I beat the crap out of it without any issues.

It does need a trim tabs because it had a hard time stay on level without tipping over to side to side when running wide open. You have to stay in the middle when running WOT.

Dry storge hatches- stay dry okay but when it's gets wet then the storge box gets wet all the time...so I turned into a fish box.

I hate the waves splat into the transom and makes the whole floor get wet.....the motor sqaut too low in the water because they made too much deadrise to sink it in the water.

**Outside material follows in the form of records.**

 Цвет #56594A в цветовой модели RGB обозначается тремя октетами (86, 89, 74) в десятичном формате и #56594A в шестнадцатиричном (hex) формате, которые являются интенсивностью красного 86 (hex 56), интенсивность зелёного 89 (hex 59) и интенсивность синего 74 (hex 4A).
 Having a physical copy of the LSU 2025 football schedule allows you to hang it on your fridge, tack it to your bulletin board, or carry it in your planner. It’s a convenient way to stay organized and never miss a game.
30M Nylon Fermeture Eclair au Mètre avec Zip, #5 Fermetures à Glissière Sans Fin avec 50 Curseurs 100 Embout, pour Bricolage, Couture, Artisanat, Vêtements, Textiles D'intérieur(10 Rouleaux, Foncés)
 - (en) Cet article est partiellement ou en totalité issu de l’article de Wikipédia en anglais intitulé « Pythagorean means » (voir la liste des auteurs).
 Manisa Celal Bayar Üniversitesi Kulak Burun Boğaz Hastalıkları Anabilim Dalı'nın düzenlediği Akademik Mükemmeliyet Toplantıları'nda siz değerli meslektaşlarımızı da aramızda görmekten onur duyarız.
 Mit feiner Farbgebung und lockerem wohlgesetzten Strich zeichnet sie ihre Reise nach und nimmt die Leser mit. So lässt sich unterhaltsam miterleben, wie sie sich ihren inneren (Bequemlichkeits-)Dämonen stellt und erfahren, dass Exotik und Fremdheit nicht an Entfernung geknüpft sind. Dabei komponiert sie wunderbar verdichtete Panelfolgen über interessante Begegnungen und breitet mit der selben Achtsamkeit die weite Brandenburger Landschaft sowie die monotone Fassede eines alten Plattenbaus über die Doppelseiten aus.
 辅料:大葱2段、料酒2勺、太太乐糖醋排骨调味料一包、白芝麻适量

I will give 7 out of 10 and it's a great boat, stay really dry, tops out 38 mph, slice through 2-3ft rollers like it's nothing.

It's a good boat....

I can't say much about the 15fter.


----------



## REELKEEN (Mar 24, 2009)

For the price you can't beat them. They are a no frills boat. Splatter paint on the inside. No recessed hatches. But I picked mine up for a trade of a jet-ski and 2,000 bucks. So the price was right.

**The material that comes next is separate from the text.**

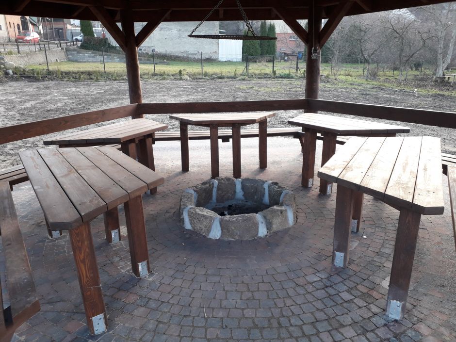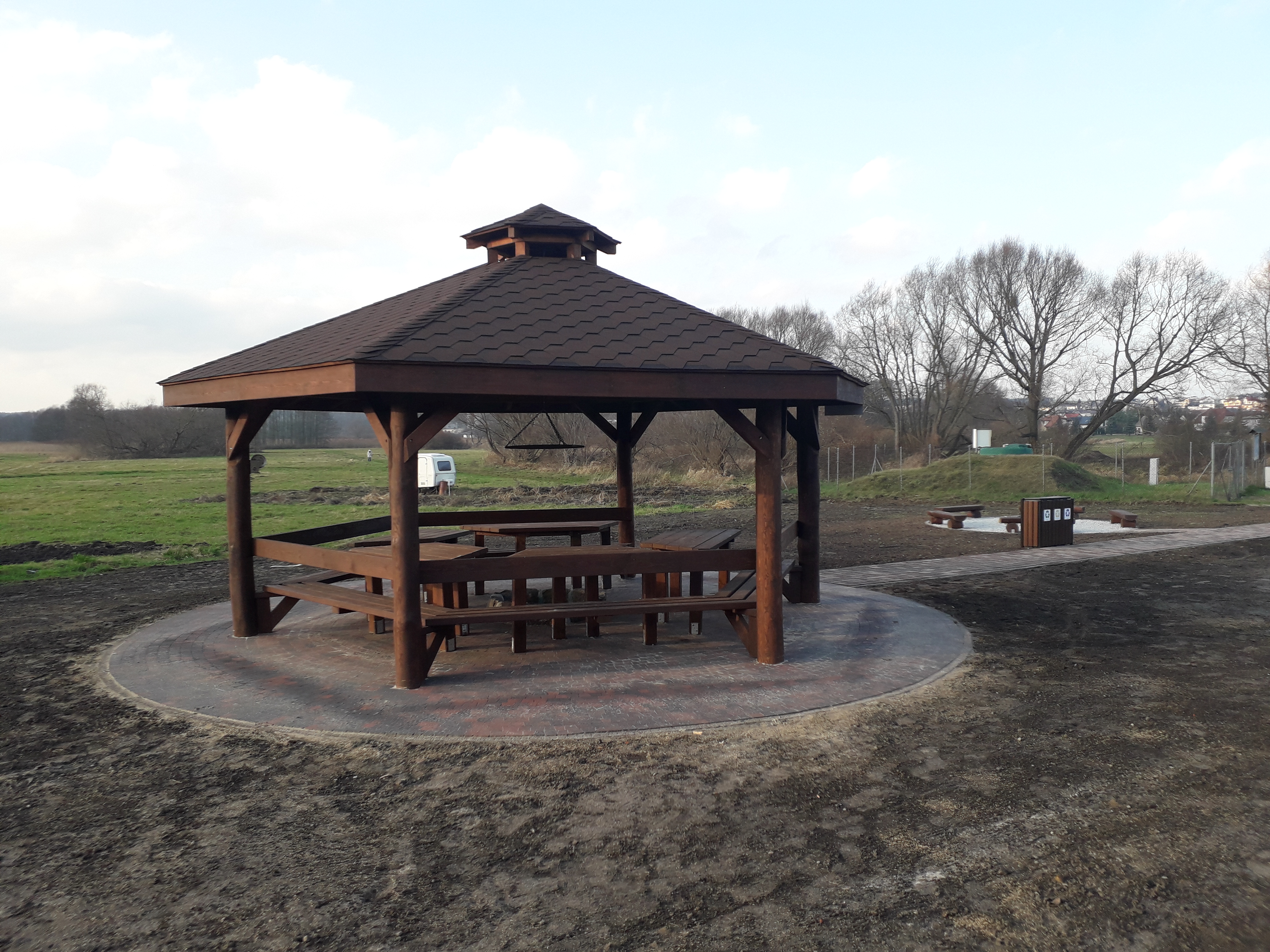W ramach zadania wykonano dużą altanę drewnianą ze stołami i ławkami. W środku altany powstało palenisko z grillem podwieszanym. Dodatkowo obok altany wykonano miejsce na ognisko z ławkami oraz zakupiono kosz do segregacji odpadów. Dzięki realizacji projektu powstało miejsce przyjazne kajakarzom z zadaszonym miejscem do spożywania posiłków oraz z bezpiecznym miejscem na ognisko.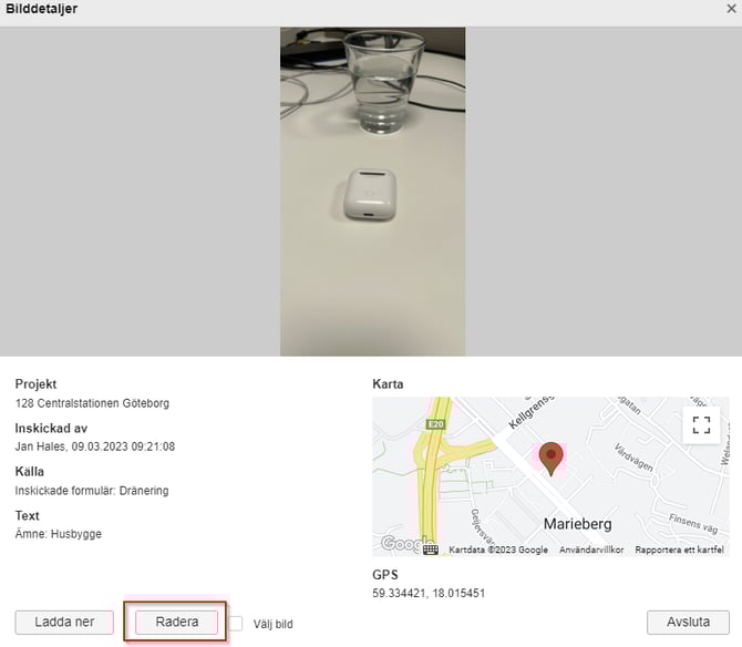 Bilder som har skickats in via projekt eller formulär kan raderas via webbversionen. Funktionen är endast tillgänglig för användare med rollen Administratör.

I have a 99 18' flats model. semi-v hull with a 150 2004 johnson. The boat will fly and with a jackplate runs pretty skinny. 

This boat stays over in steinhatchee and we use it for pretty much everything from scalloping to grouper fishing in 30'. 

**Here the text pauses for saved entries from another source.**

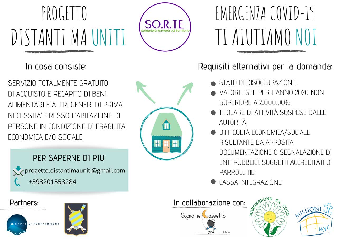 I Volontari dell’Associazione di promozione sociale “Solidarietà Romana sul Territorio – SO.R.TE.” in collaborazione con i Volontari delle ONLUS “Margherone Fa Cose”, “Sogno nel Cassetto” e “Missioni MVC” uniscono le loro forze ponendosi al servizio delle famiglie più bisognose.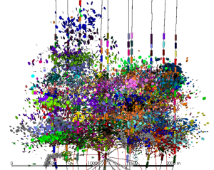 ESG Solutions has been developing and applying microseismic technology for Nexen in the Horn River Basin in northeast British Columbia, Canada, since 2010. This image from Nexen’s shale gas field shows 78,000 microseismic events colored by stage and recorded on three downhole geophone arrays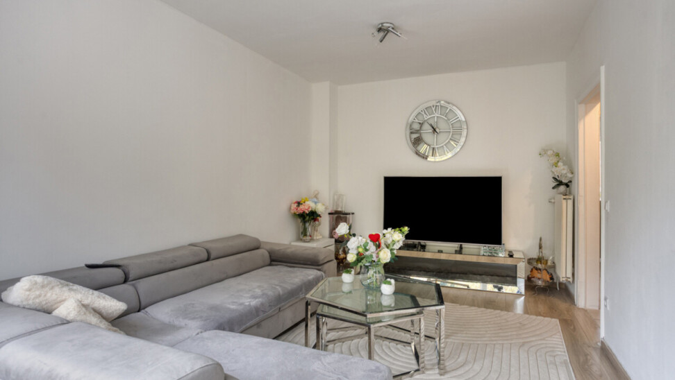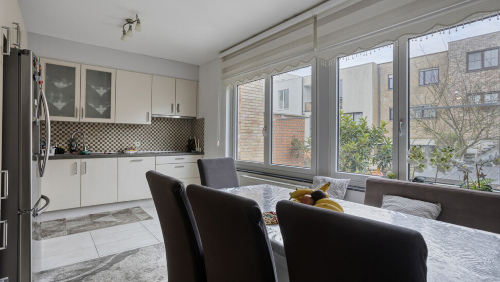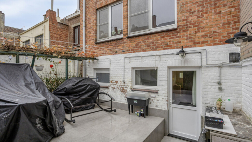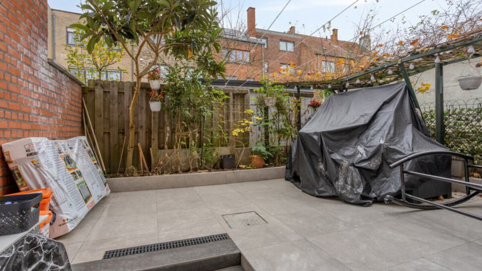 Deze instapklare bel-étagewoning in Sint-Agatha-Berchem komt men binnen in een inkomhal van 14 m². Links van de inkom bevindt zich de garage van 24 m², die momenteel is ingericht als woonkamer met keuken. Deze ruimte geeft rechtstreeks uit op een koer van 35 m², een rustige plek om buiten te genieten. Op het gelijkvloers bevindt zich bovendien een badkamer van 7 m², uitgerust met lavabo, wc en bad. Dankzij deze indeling is de woning ideaal als kangoeroewoning, of voor gezinnen waarbij de ouders op het gelijkvloers willen wonen, terwijl de rest van het gezin boven woont.

If the price is right you can't go wrong with one.


----------



## REELKEEN (Mar 24, 2009)

Oh yeah, they have a lifetime transom stringer and floor warranty. 

So I wouldn't worry about the wood very much.


----------



## jgregory01 (Nov 20, 2009)

Thanks for the info Jordan. I cant wait to pick it up tomorrow. I think Im almost stealing it. I found a similar model, 2 years older that is 2k more than this one. And that one isnt clean like this is. I noticed that it does not have a lot of the fit/finish like my friends 22' bay boat, but its 1/6th the price too. Its not a micro but I will post pics tomorrow and let yall decide. Thanks.


----------



## REELKEEN (Mar 24, 2009)

> Thanks for the info Jordan. I cant wait to pick it up tomorrow. I think Im almost stealing it. I found a similar model, 2 years older that is 2k more than this one. And that one isnt clean like this is. I noticed that it does not have a lot of the fit/finish like my friends 22' bay boat, but its 1/6th the price too. Its not a micro but I will post pics tomorrow and let yall decide. Thanks.


Awesome, look foward to seeing it. I've enjoyed ours. It really flies with that 150 on it high 49 is the fastest I've seen. It's definately a boat that you don't mind using and abusing. You can drop the cast net on the floor or cut up bait on the deck and it won't hurt your feelings.


----------



## choppercity47 (Jul 30, 2007)

Been fishing from a friends '99 for years. If it has a Suzuki 2-Stroke avoid it. He's had a handful of problems the past year with it. 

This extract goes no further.